Hopeless

Saturday, June 05, 2010



If Richard Wolffe is to be believed, my intuition about Obama's less than proactive approach to the oil spill was accurate. There is no day to seize. There is NOTHING anyone can do.

Critics have bashed President Obama for being slow to seize the political initiative in combating the BP oil spill in the Gulf Coast, now widely believed to be the worst environmental disaster in U.S. history. The White House has battled back, releasing a timeline of events showing that Obama was briefed—and deploying the Coast Guard—within 24 hours of the Deepwater Horizon blowout.

What has not been previously disclosed: The president was not only briefed on the real-time events of the spill, but also on just how bad it would be—and how hard it would be to plug the hole.
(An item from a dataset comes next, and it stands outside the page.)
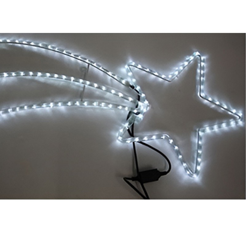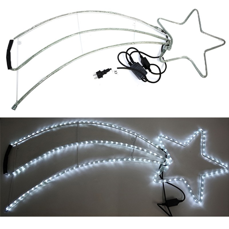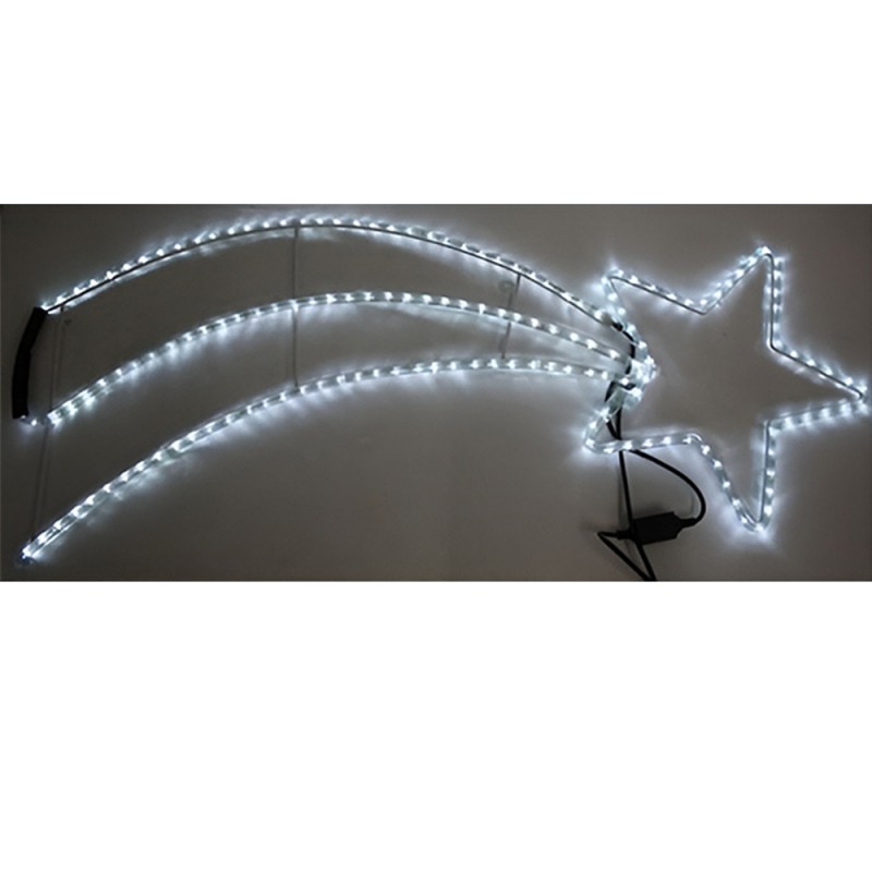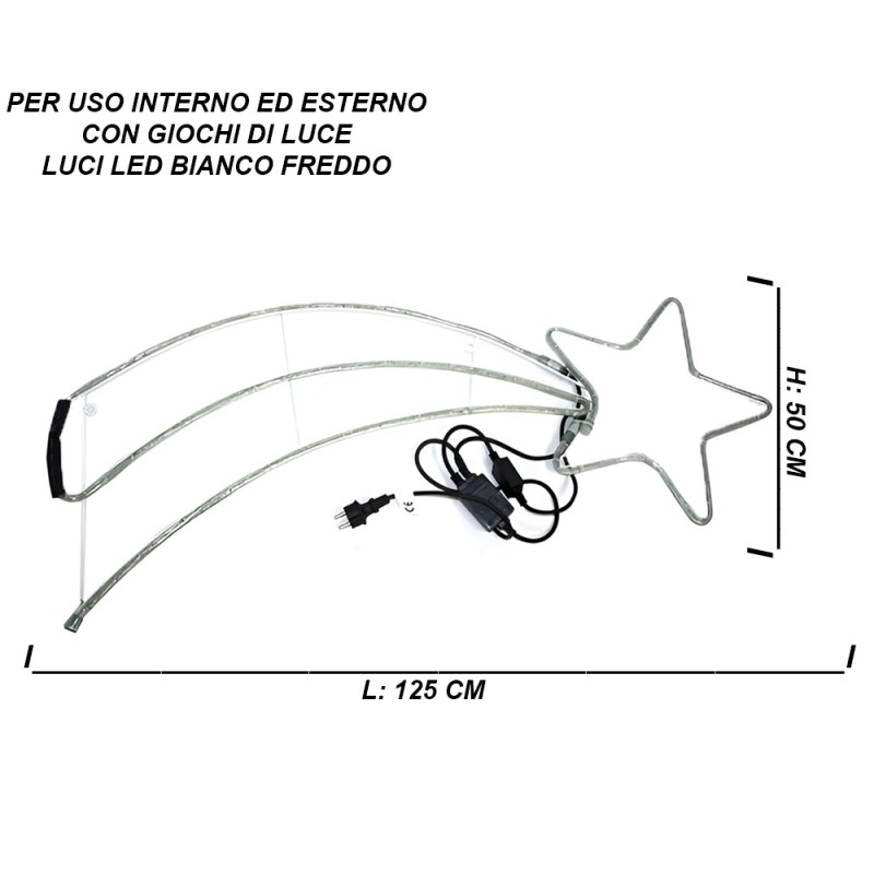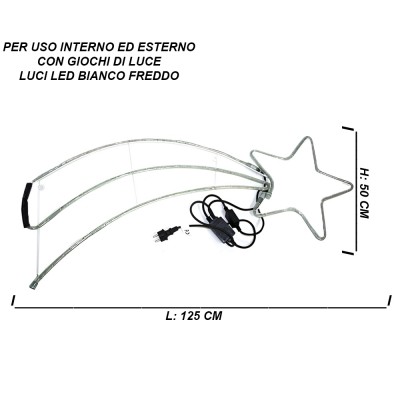 Illuminazione natalizia Grande a forma di stella cometa, alta 50 cm e lunga125 cm, con 180 luci LED BIANCO FREDDO, la particolarita sta nell'effetto,la stella resta fissa mentre la coda ha un effetto movimento scorrevole,effetto unico. Cavo di alimentazione di 150 cm. Corrente 220/240 V - 50 Hz, potenza 7.2 watt, IP44 per uso interno ed esterno.

Carol Browner, director of the White House Office of Energy and Climate Change Policy, told Obama at one of the earliest briefings in late April that the blowout would likely lead to an unprecedented environmental disaster, senior White House aides told The Daily Beast. Browner warned that capping a well at such depths had never been done before, and that they ought to expect an oil spill that would continue until a relief well was drilled in August, the aide said.

That early briefing on the scope of the spill—and enormous technical challenges involved in fixing it—might help explain the sense of fatalism that has infused Obama's team from the start.